Tekrar “Başbakan’ın masaya yumruğunu vurması” metaforuna dönecek olursak, Başbakan Erdoğan’ın, doğrudan kendisinin ve yakınındakilerin “canını yakan” hadiselere çok sert tepkiler verdiğini biliyoruz, ama eğer kendisinin hâlâ “bütün vatandaşların Başbakanı” olma iddiası varsa, kendisi gibi düşünmeyenlerin, kendisine mesafeli yaklaşanların, hatta kendisine karşı veya düşman olanların da hak ve hukukları için sesini yükseltmesi, elinden geleni yapması şarttır.
Sözü Cumartesi günü İstanbul’da yaşanan öğrenci gösterilerine ve polisin öğrencilere yönelik aşırı sert ve yer yer dehşet uyandırıcı muamelesine getirmek istiyorum. AKP’ye yakın bazı basın organları ve yazarların olayları ilk gün görmezden gelip daha sonra derinlemesine ele almaları ve oldukça eleştirel tutumlar takınmaları, yaşananların vahametini ve üstünü örtmenin imkansızlığını çok iyi gösteriyor.

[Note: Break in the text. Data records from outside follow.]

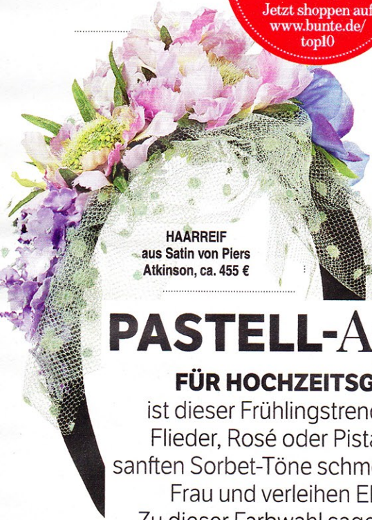
HAARREIF aus Satin von Piers Atkinson, ca. 455 €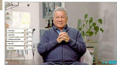
En la foto, la plataforma StoryFile, donde se muestra cómo se podría interactuar con un avatar. Se observa la réplica digital del actor William Shatner, conocido por su rol de capitán Kirk en la serie "Star Trek" y embajador del sitio.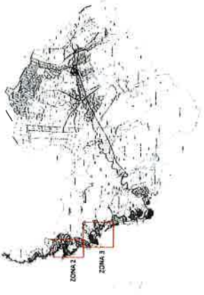
PLANO COMUNA ZAPALLAR S/E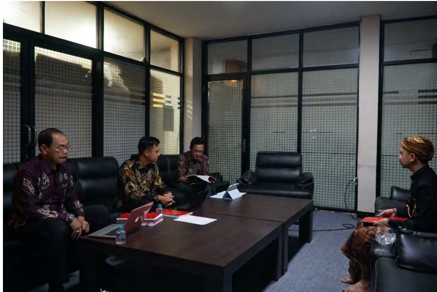
Gambar 18. Sidang Komprehensif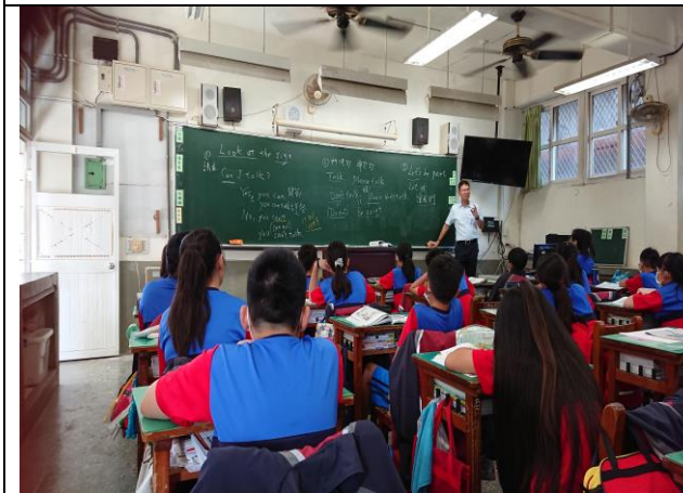
本單元三個句型教學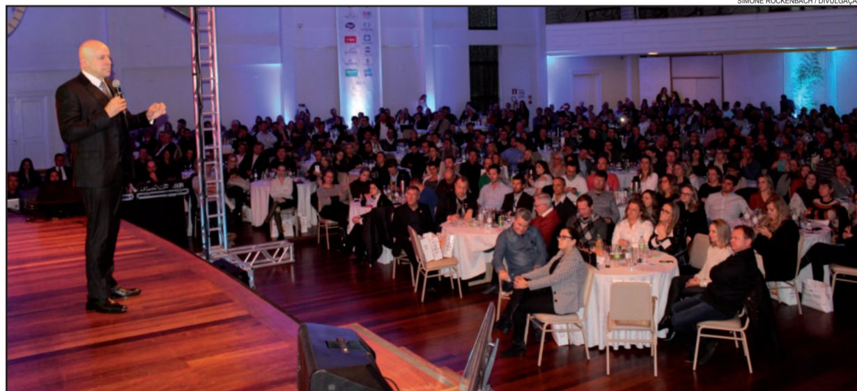
Leandro Karnal recebeu nota 9,9 e foi o destaque desta edição

O resultado da avaliação da 17ª Convenção CDL Lajeado confirma que o grande destaque do evento de capacitação realizado no dia 22 de junho foi a palestra de Leandro Karnal. Falando sobre determinação, estratégia, mudança, ética e educação, o professor e historiador recebeu nota 9,9, sendo considerado praticamente perfeito. A pontuação feita pelos demais palestrantes - 8,6 para Gustavo Bozetti; 8,5 para João Miragem; e 8,4 Carolina Bahia - comprova a satisfação dos participantes com a programação desta edição.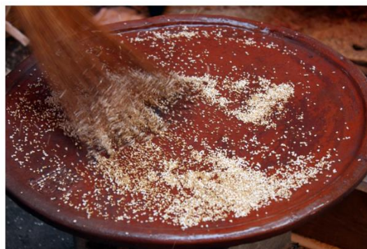
Figura 1 Comal

Nota. Adaptado de Comal [Fotografía], por Cooks'Info, 2016, ( https://www.cooksinfo.com/comal ).

Dün Meclis’te iktidar partisinden önemli pozisyonlardaki bazı kişilerle sohbet etme imkanım oldu. Hüseyin Çelik, Egemen Bağış gibi yetkililerin resmi açıklamalarının aksine, söz konusu kişisel sohbetlerimde öğrencilerin niyetlerini sorgulamalarına rağmen, polisin tavrını onaylayan veya mazur göstermeye çalışan kimseyle karşılaşmadım. Muhataplarımın hemen hepsi İstanbul’daki görüntülerden, hükümetin “ileri demokrasi” iddiasına gölge düşürdüğü için hayli rahatsızdı. Ancak bu sorunun nasıl aşılabileceği konusunda bir görüş birliği bulunduğunu söylemek mümkün değil.
Basit çözüm
Bana göre çözüm aslında çok basit: Eğer Başbakan Erdoğan, ölçülü de olsa polisin tavrını eleştiren bir-iki cümle sarf etse, örneğin YÖK Başkanı Prof. Yusuf Ziya Özcan gibi polisin “orantısız şiddet” kullandığını söylese bir sonraki gösterinin daha az olaylı ve daha sakin geçeceğine eminim. Bugüne kadar tanık olduğumuz bir dizi örnekten, Erdoğan’ın protestonun her türünden çok rahatsız olduğunu biliyoruz. Bu rahatsızlığını defalarca dile getirmiş olmasından polislerin bir şekilde vazife çıkarttıklarını ileri sürebiliriz. Hele son olayda göstericilerin bizzat Başbakan’ın inisiyatifindeki bir toplantıyı hedef aldıkları düşünülürse, polisin acımasızlık katsayısının artmış olması bir yerde normaldir. Evet Başbakan’dan polisin acımasız tavrına karşı masaya yumruğunu vurmasını bekliyorum. Ama bu beklentimin pek de gerçekçi olmadığının farkındayım. Olsun, 1968’deki öğrenci hareketinin temel sloanlarından biri neydi, hatırlayalım: Gerçekçi olan imkansızı iste!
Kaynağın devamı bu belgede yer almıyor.